A specific audit tool is used, linked not only to the KSS, but drawn from statutory guidance and regulatory requirements. This ensures that the criteria for evaluation is not ambiguous or biased in terms of what makes ‘a good assessment’, providing a base for consistent, valid assessment that is robust and defensible in an employment context as well as an education one.

The tool’s evidence base is updated regularly as guidance is updated. The current version is version 5.

Performance in this test feeds back into the quality assurance mechanisms within the council, highlighting those areas for organisational concerns and group development that may become apparent. These in turn can inform supervisor training needs as well as NQSW future training needs.

2.  Use within experienced grade levels:

In the experienced worker context, the linking of the statutory basis for good assessment and care planning to the developmental KSS framework starts to build understanding in those grades of the new framework for continuing professional development as well as improving the quality of practice for children and families.

This is an important part of developmental planning for annual appraisal and individual development plans, as well as for any future plans for the approved child and family practitioner test and for employer endorsement.

The KSS has not replaced the PCF, whose levels are still useful within the organisation. But in the context of assessment and care planning, the KSS provides a focused framework that maps readily to practice requirements.

The use of the final overall ratings using Ofsted categories is optional language that reflects the organisational journey and strategic priority for assessments and care plans, but could be equally replaced with good / sufficient / insufficient.

3.  Feedback Sheets:

Two feedback sheets are attached, one for the NQSW KSS final test and one for general use. It will be important to provide feedback constructively to support a learning culture whilst embedding improvements in practice.

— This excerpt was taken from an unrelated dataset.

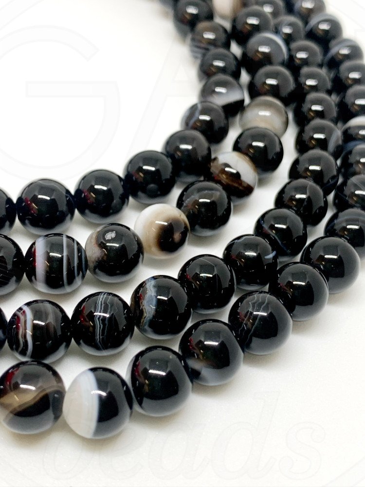 Agatas, 10mm, juodos spalvos, 38cm juosta

Feedback should be discussed reflectively in supervision and performance reviews and can also be collated to help build a picture of organisational strength and challenge, feeding into development training needs analysis.

4.  Tried and Tested:

The tool has been in use in its initial form for three years, and was mapped to the KSS when it was published. It has proved to be effective in all areas of practice, whether undertaken by managers, practice educators or individuals as a self-audit.

Guidance on using this document:

This checklist is drawn entirely from statutory guidance and regulatory requirements and is linked to the Government Framework for continuing professional development for social workers, the Knowledge and Skills Statement (KSS). This will assist with identification and tracking of learning needs. It applies to all experience levels.

The purpose of assessment is always to gather important information about a child and family, to analyse their needs and/or the nature and level of any risk and harm being suffered by the child. To decide whether the child is a child in need (section 17) and/or is suffering or likely to suffer significant harm (section 47) and to provide support to address needs, improve outcomes to make them safe. (Working Together to Safeguard Children-WTSC 2015: section29).

The checklist will enable the assessor to ascertain the level of good practice in an assessment and accompanying care plan, to make an overall judgement of sufficiency. The feedback on the assessment is automatically generated in terms of strengths (what was present) and areas for development (what was missing when it should not have been). Any written feedback should promote a balance between these areas, aiming to build learning and development, which should be addressed in supervision.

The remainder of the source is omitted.